After extended negotiations, the parties partially settled this case. The Forest Service agreed to withdraw a number of the challenged decisions and conduct the appropriate environmental analysis for them. In return, Plaintiffs agreed to drop the remaining challenged decisions that arose outside California. Plaintiffs then challenged several decisions in California, and just won a victory on two of them! See “Updates” below for more on these victories.

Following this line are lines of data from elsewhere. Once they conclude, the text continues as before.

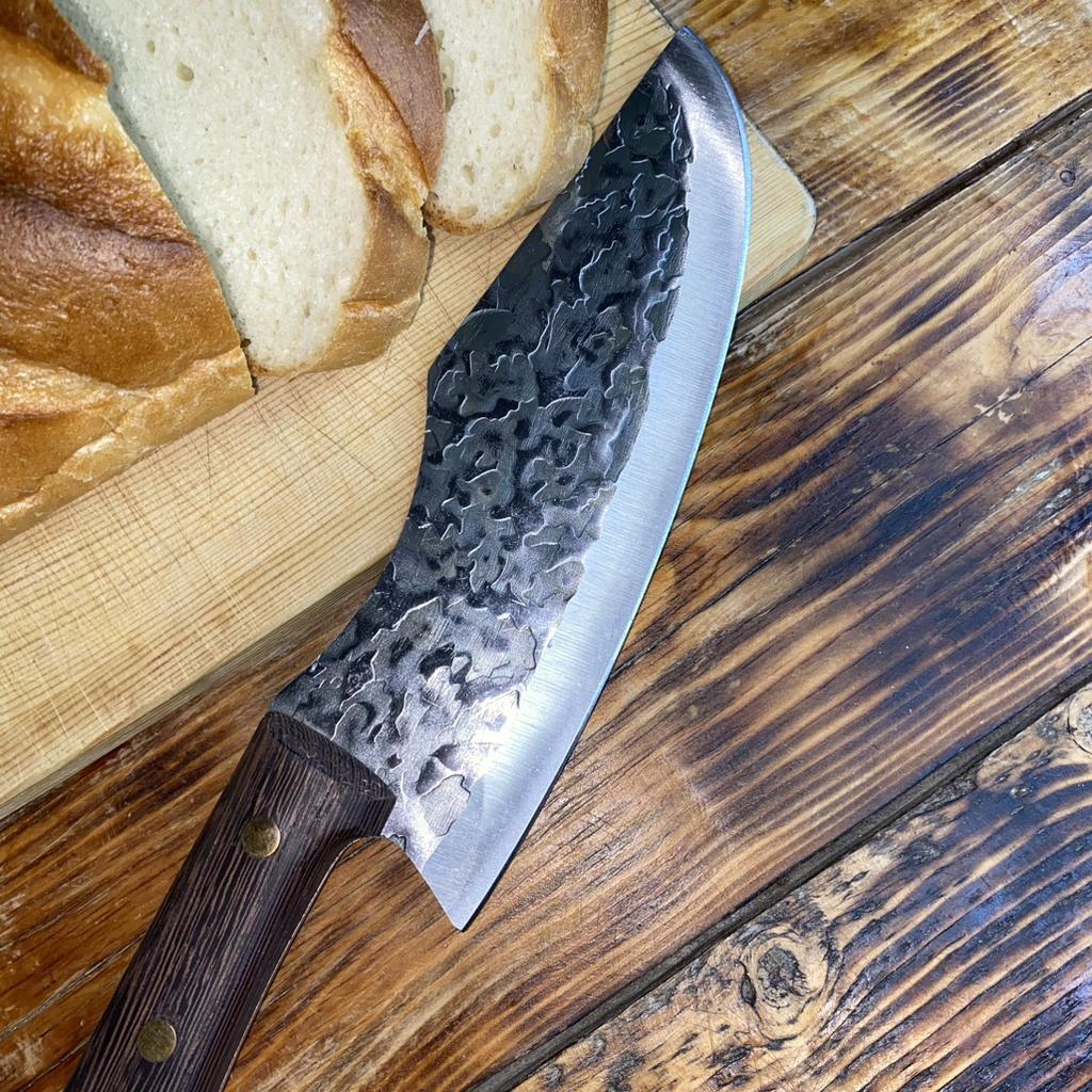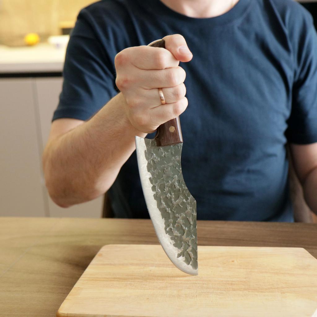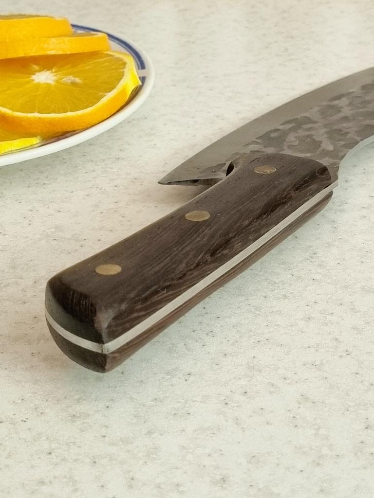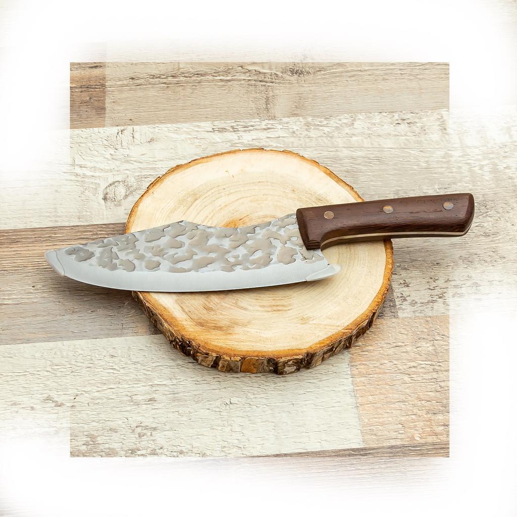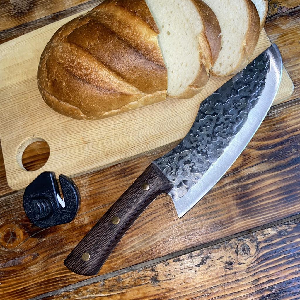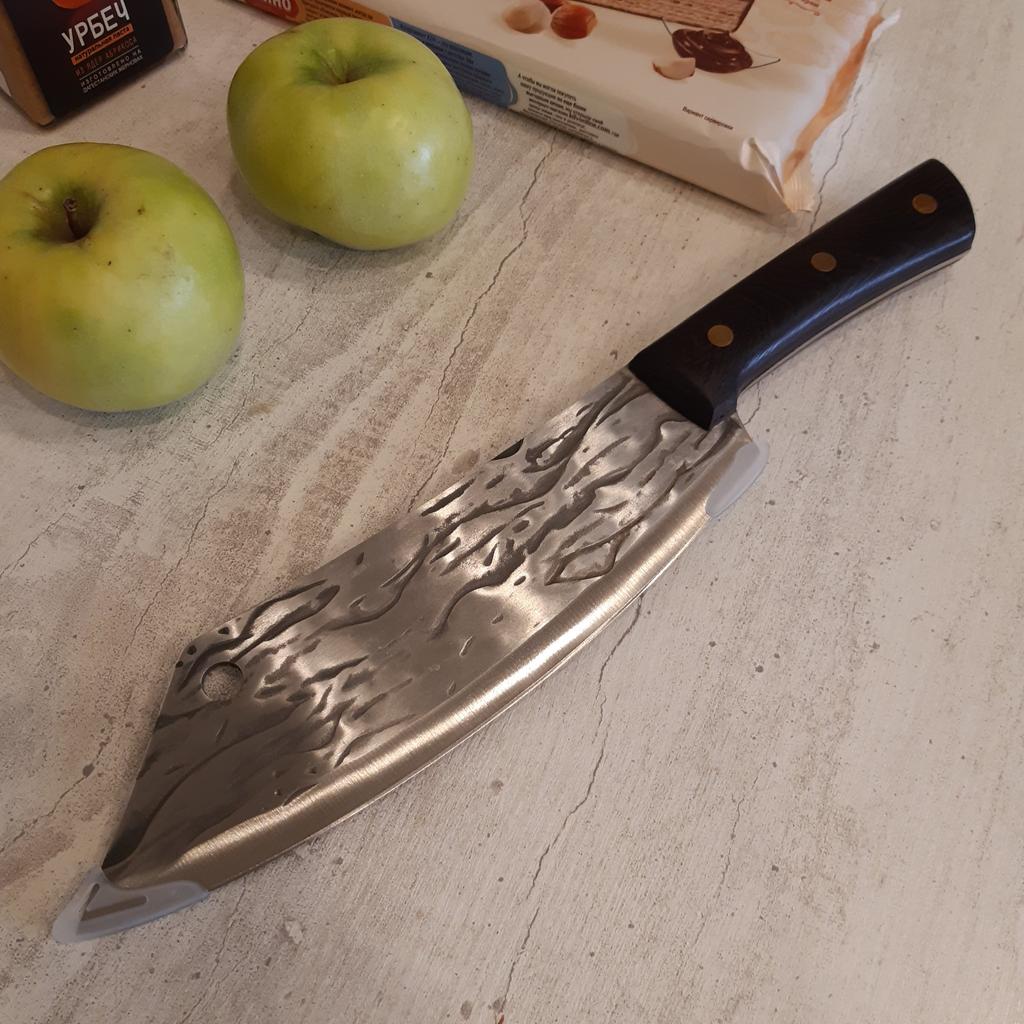 Ein Messer, das jede Küche braucht. Der Stahl ist super. Scharf, schneidet mühelos Papier, schneidet eine Tomate im Handumdrehen) Behandelte gefrorenes Hackfleisch ohne Probleme. Die Dicke des Stahls beträgt 2,5 mm.
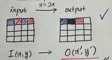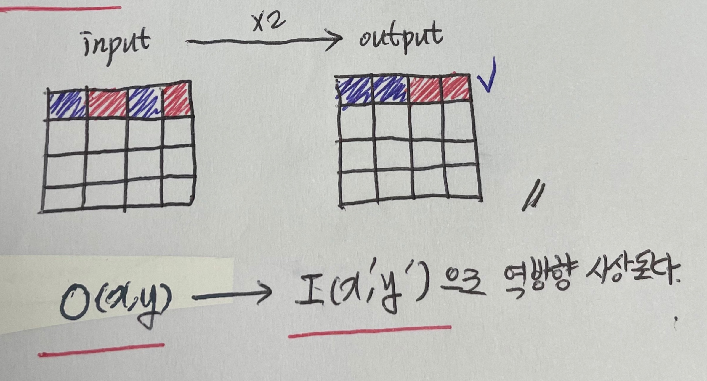 순방향처럼 늘려서 만들지 않고, 먼저 큰 사이즈의 출력공간을 만든 후 입력영상의 값을 참조한다.
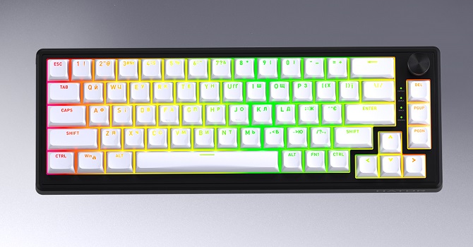 Кейкапи виготовлені з якісного PBT подвійного лиття з профілем OMA, що гарантує довговічність, приємну тактильність і чітке наскрізне RGB-підсвічування. Кожна клавіша підтримує індивідуальну кастомізацію кольору з палітри 16,8 мільйонів відтінків, а бічні панелі додають ще 19 незалежних RGB-зон для створення унікального стилю. Окремо виділяється багатофункціональний кноб, який можна запрограмувати не лише на регулювання гучності, а й на будь-які інші дії через фірмове ПЗ.
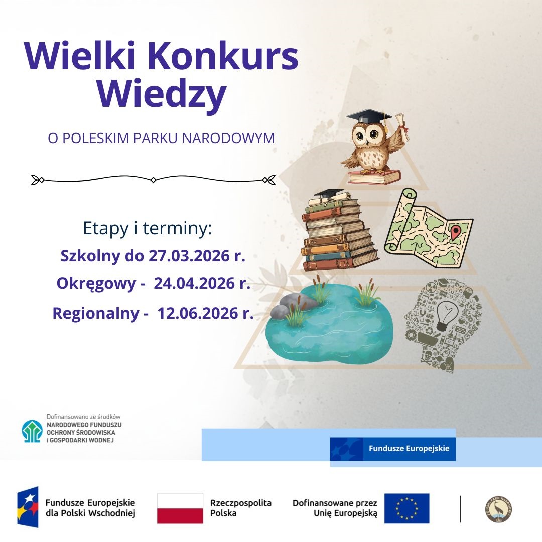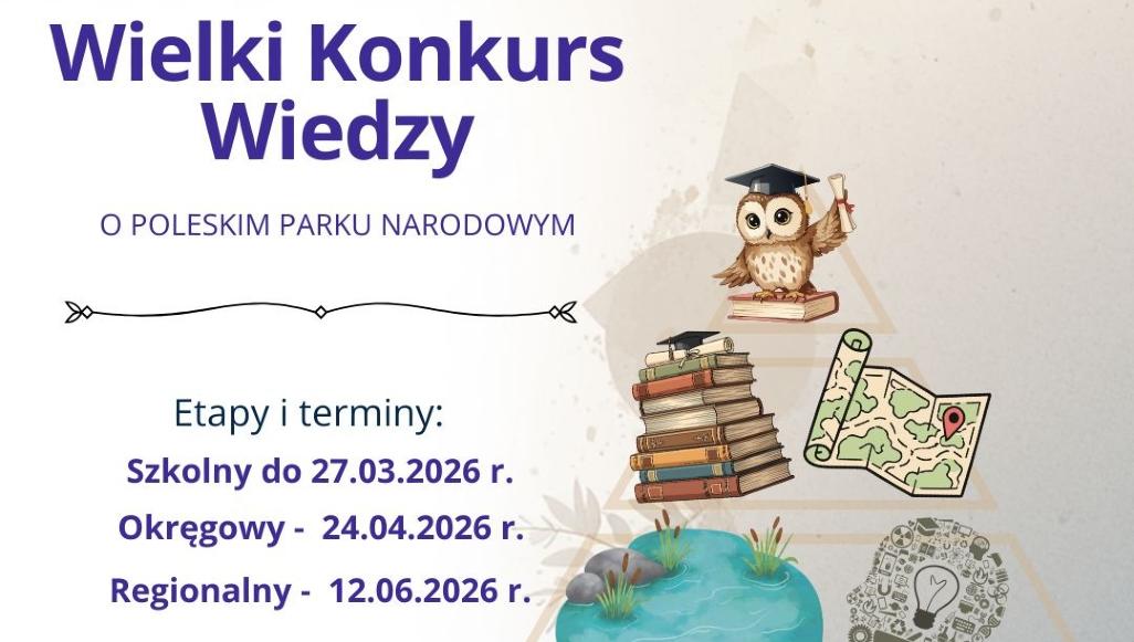 Poleski Park Narodowy zaprasza uczniów szkół podstawowych do udziału w Wielkim Konkursie Wiedzy o Poleskim Parku Narodowym. Inicjatywa skierowana jest do dwóch grup wiekowych: uczniów klas III–V oraz VI–VIII szkoły podstawowej.
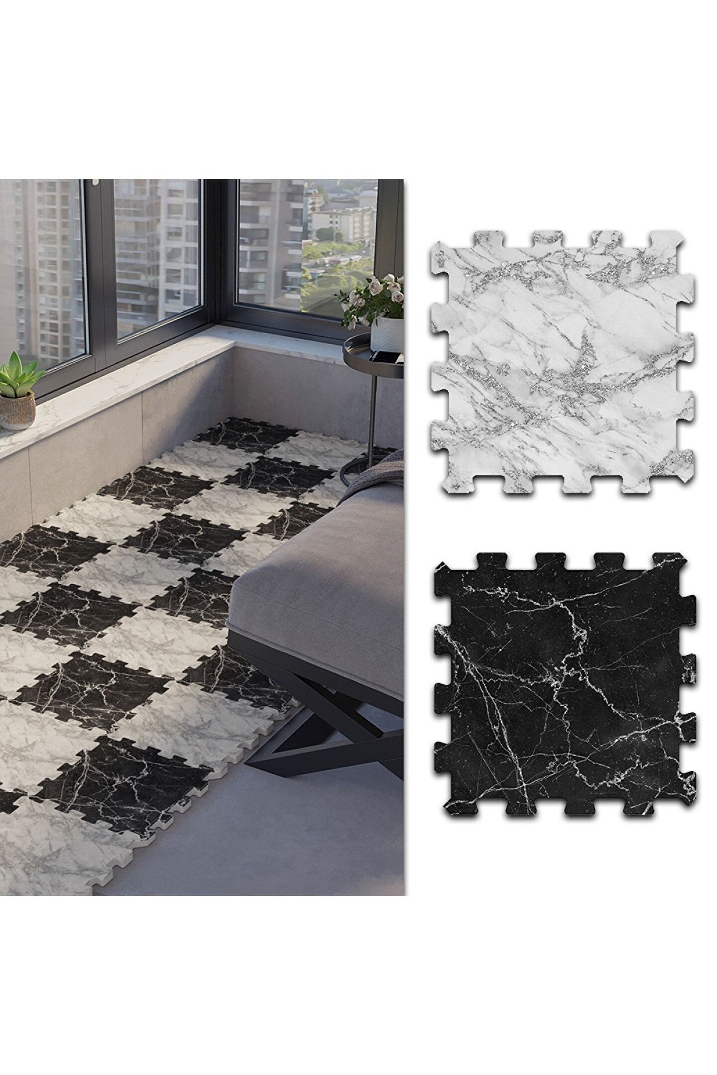 Mermer Desenli Su Geçirmez Balkon Halısı Thb22 | Yapboz Halı | Puzzle Halı

After getting past numerous procedural battles in this case, Advocates for the West won a victory on its challenge to two grazing decisions in northern California where the Forest Service had conducted no environmental analysis.  U.S. District Court Judge Phyllis Hamilton ruled in our favor, throwing out both decisions.  On the Klamath National Forest near the border with Oregon, cattle grazing was harming recreation opportunities in the Marble Mountain Wilderness, with cattle trampling and defecating on campsites, meadows, lakes, and trails.  The Judge ruled that because of those impacts, the Forest Service had to complete a full environmental analysis to reauthorize grazing in the wilderness. On the Mendocino National Forest near the coast of California, the Forest Service did not have the necessary monitoring data to show that grazing was not causing any harm to vegetation, streams, and fish.  For both decisions, the agency now must go back and do appropriate environmental analyses to assess the full impacts of grazing on these resources.